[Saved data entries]
==================================================

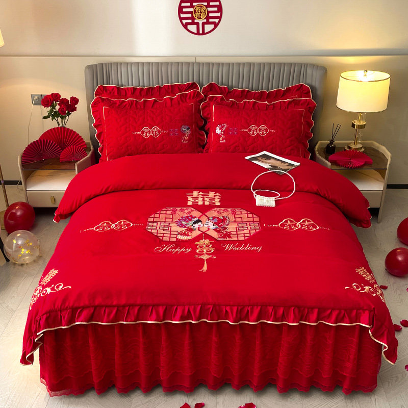 婚庆水洗棉喜庆四件套中式大红色床单刺绣被套结婚房床上用品
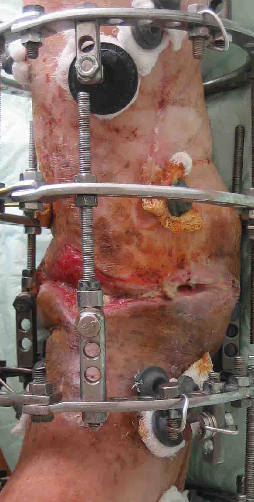 На операции резекция 8 см, внешний остеосинтез,одновременное сближение
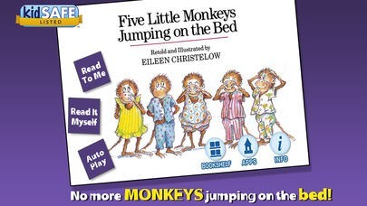 Join the Five Little Monkeys in this interactive book app as they jump on the bed after they say good night to Mama! Explore pictures, learn new vocabulary, and personalize the story with your own narration. Jump inside to find out what trouble the Monkeys get into as they jump on the bed!
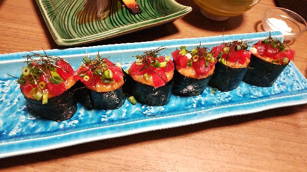 一昨日、はなパパから電話♪土曜日空いてる?って。じっしゃんのお誕生会しようって♪車で10分くらいの、はなパパ馴染みの居酒屋に行って来ました。海鮮物は、すごく新鮮なお店だけど、ちょっと高いんです。いいの?でした。ちょうど、電話くれた日、お店のママさんが車買ってくれて納車だったようです。だからかな?どれもこれも美味しかった!エビマヨサラダが特に♪写真は撮らなかったけど。唯一、お店からの最後のシメにと、マグロの軍艦?すごくきれいなので写真撮りました。私は、食べれ無いけど、好評でした♪だんなさんに、お店から日本酒のプレゼント頂きました♪いいお誕生日になりましたね(^-^)帰りは、代行で帰って来ました♪すず、私が仕事に行ってる間に、じっしゃんにプレゼントのすき焼き用のお肉を届けに来たそうです。お手紙と一緒にね(^-^)今年は、日本酒じゃ無くてお肉なんだね。今日の買い出しで買って来て置いた、函館和牛。北見枝幸の船頭さんに送ります。毛がにのお礼です♪すずん家から貰ったのより高級なお肉です。笑すず持って来たお肉、値段付いてたからね~!笑お♪来週のMUSIC FAIR、徳永さんがご出演です♪また、レイニーブルーをコラボですがね。確かに、色褪せない名曲だけど、....ん?LOVE IS ALLも?
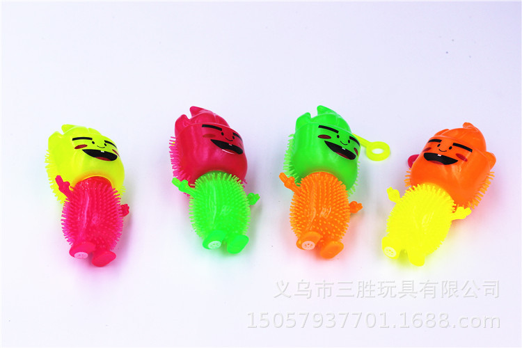 玩法:小手放进小提环内,一弹一弹的小球内的彩灯就会跟着一闪一闪的,非常漂亮,使劲的摔它、撕它也不会把它损坏的。非常结实。白天当弹力球玩,晚上闪出五彩灯光更加漂亮。一个彩盒里面4色混发。
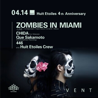 今回Zombies In Miamiが出演するのは、今年4周年を迎える東京のNu Discoシーンの指標パーティーHuit Etoiles。更にゲストとして彼等のレーベルメイトであり、世界へ誇るアーティストChidaがHuit Etoilesに初登場。
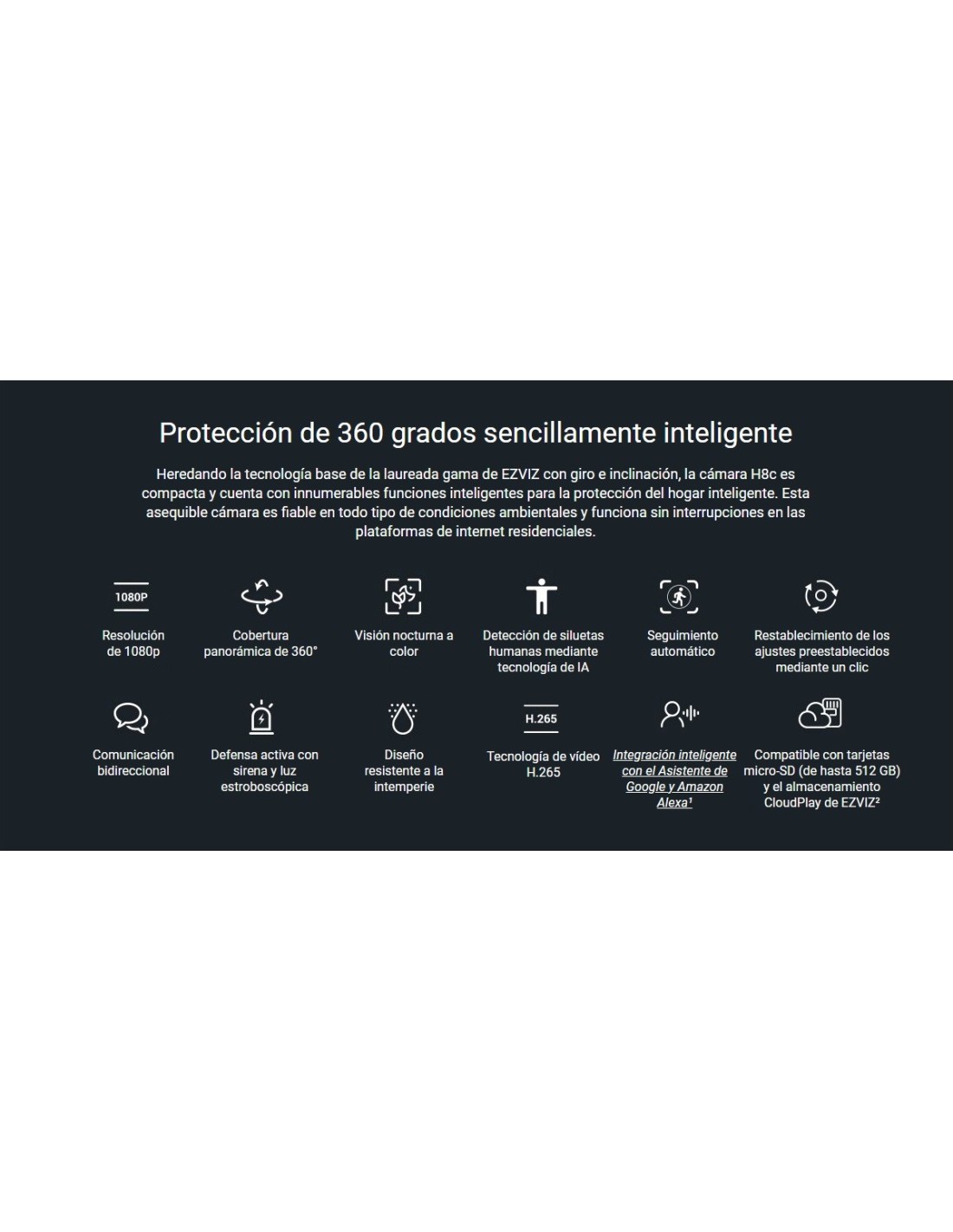 La cámara de seguridad EZVIZ H8c proporciona una vigilancia de alta calidad con resolución Full HD y unProtege tu hogar con la EZVIZ H8c: cámara Wi-Fi exterior con visión 360°, resolución Full HD, visión nocturna a color y resistencia al agua. Seguridad inteligente y completa, fácil de instalar.
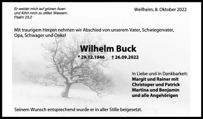 TodesanzeigeVon Benny Kuder8. Oktober 2022Kommentar hinterlassen
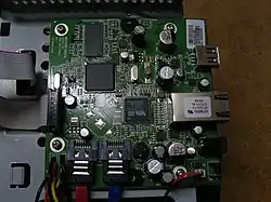 This drive runs BusyBox on Linux on an Oxford Semiconductor 0XE800 ARM chip which has the ARM926EJ-S core. In addition it uses a VIA Cicada Simpliphy vt6122 Gigabit Ethernet chipset, and a Hynix 32 Mbit DDR Synchronous DRAM chip. The webserver is the mini_http server, although older "bluerings" use Lighttpd. The drives of the World Edition are xfs or ext3 formatted, which means that the drive can be mounted as a standard drive from within Linux if removed from the casing and installed in a normal PC.
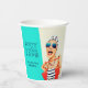 An outrageously funny and unique birthday paper cup for a fabulous woman celebrating her 50th Birthday, this design features a kitschy stylish woman in striped sunglasses and hair turban with a polka dot bag and striped towel, rocking her attitude. The humour is carried out in the bold text title "Forty IS THE NEW F-BOMB". Personalise the name with the fabulous Birthday Girl. The retro colour scheme of aqua, beige, navy and red adds to the fun of this design.

==================================================

» **WHAT IS BEING ASKED**
Copy every line above exactly, leaving no picture in the copy.

» **WRITTEN REPLY**
 婚庆水洗棉喜庆四件套中式大红色床单刺绣被套结婚房床上用品
 На операции резекция 8 см, внешний остеосинтез,одновременное сближение
 Join the Five Little Monkeys in this interactive book app as they jump on the bed after they say good night to Mama! Explore pictures, learn new vocabulary, and personalize the story with your own narration. Jump inside to find out what trouble the Monkeys get into as they jump on the bed!
 一昨日、はなパパから電話♪土曜日空いてる?って。じっしゃんのお誕生会しようって♪車で10分くらいの、はなパパ馴染みの居酒屋に行って来ました。海鮮物は、すごく新鮮なお店だけど、ちょっと高いんです。いいの?でした。ちょうど、電話くれた日、お店のママさんが車買ってくれて納車だったようです。だからかな?どれもこれも美味しかった!エビマヨサラダが特に♪写真は撮らなかったけど。唯一、お店からの最後のシメにと、マグロの軍艦?すごくきれいなので写真撮りました。私は、食べれ無いけど、好評でした♪だんなさんに、お店から日本酒のプレゼント頂きました♪いいお誕生日になりましたね(^-^)帰りは、代行で帰って来ました♪すず、私が仕事に行ってる間に、じっしゃんにプレゼントのすき焼き用のお肉を届けに来たそうです。お手紙と一緒にね(^-^)今年は、日本酒じゃ無くてお肉なんだね。今日の買い出しで買って来て置いた、函館和牛。北見枝幸の船頭さんに送ります。毛がにのお礼です♪すずん家から貰ったのより高級なお肉です。笑すず持って来たお肉、値段付いてたからね~!笑お♪来週のMUSIC FAIR、徳永さんがご出演です♪また、レイニーブルーをコラボですがね。確かに、色褪せない名曲だけど、....ん?LOVE IS ALLも?
 玩法:小手放进小提环内,一弹一弹的小球内的彩灯就会跟着一闪一闪的,非常漂亮,使劲的摔它、撕它也不会把它损坏的。非常结实。白天当弹力球玩,晚上闪出五彩灯光更加漂亮。一个彩盒里面4色混发。
 今回Zombies In Miamiが出演するのは、今年4周年を迎える東京のNu Discoシーンの指標パーティーHuit Etoiles。更にゲストとして彼等のレーベルメイトであり、世界へ誇るアーティストChidaがHuit Etoilesに初登場。
 La cámara de seguridad EZVIZ H8c proporciona una vigilancia de alta calidad con resolución Full HD y unProtege tu hogar con la EZVIZ H8c: cámara Wi-Fi exterior con visión 360°, resolución Full HD, visión nocturna a color y resistencia al agua. Seguridad inteligente y completa, fácil de instalar.
 TodesanzeigeVon Benny Kuder8. Oktober 2022Kommentar hinterlassen
 This drive runs BusyBox on Linux on an Oxford Semiconductor 0XE800 ARM chip which has the ARM926EJ-S core. In addition it uses a VIA Cicada Simpliphy vt6122 Gigabit Ethernet chipset, and a Hynix 32 Mbit DDR Synchronous DRAM chip. The webserver is the mini_http server, although older "bluerings" use Lighttpd. The drives of the World Edition are xfs or ext3 formatted, which means that the drive can be mounted as a standard drive from within Linux if removed from the casing and installed in a normal PC.
 An outrageously funny and unique birthday paper cup for a fabulous woman celebrating her 50th Birthday, this design features a kitschy stylish woman in striped sunglasses and hair turban with a polka dot bag and striped towel, rocking her attitude. The humour is carried out in the bold text title "Forty IS THE NEW F-BOMB". Personalise the name with the fabulous Birthday Girl. The retro colour scheme of aqua, beige, navy and red adds to the fun of this design.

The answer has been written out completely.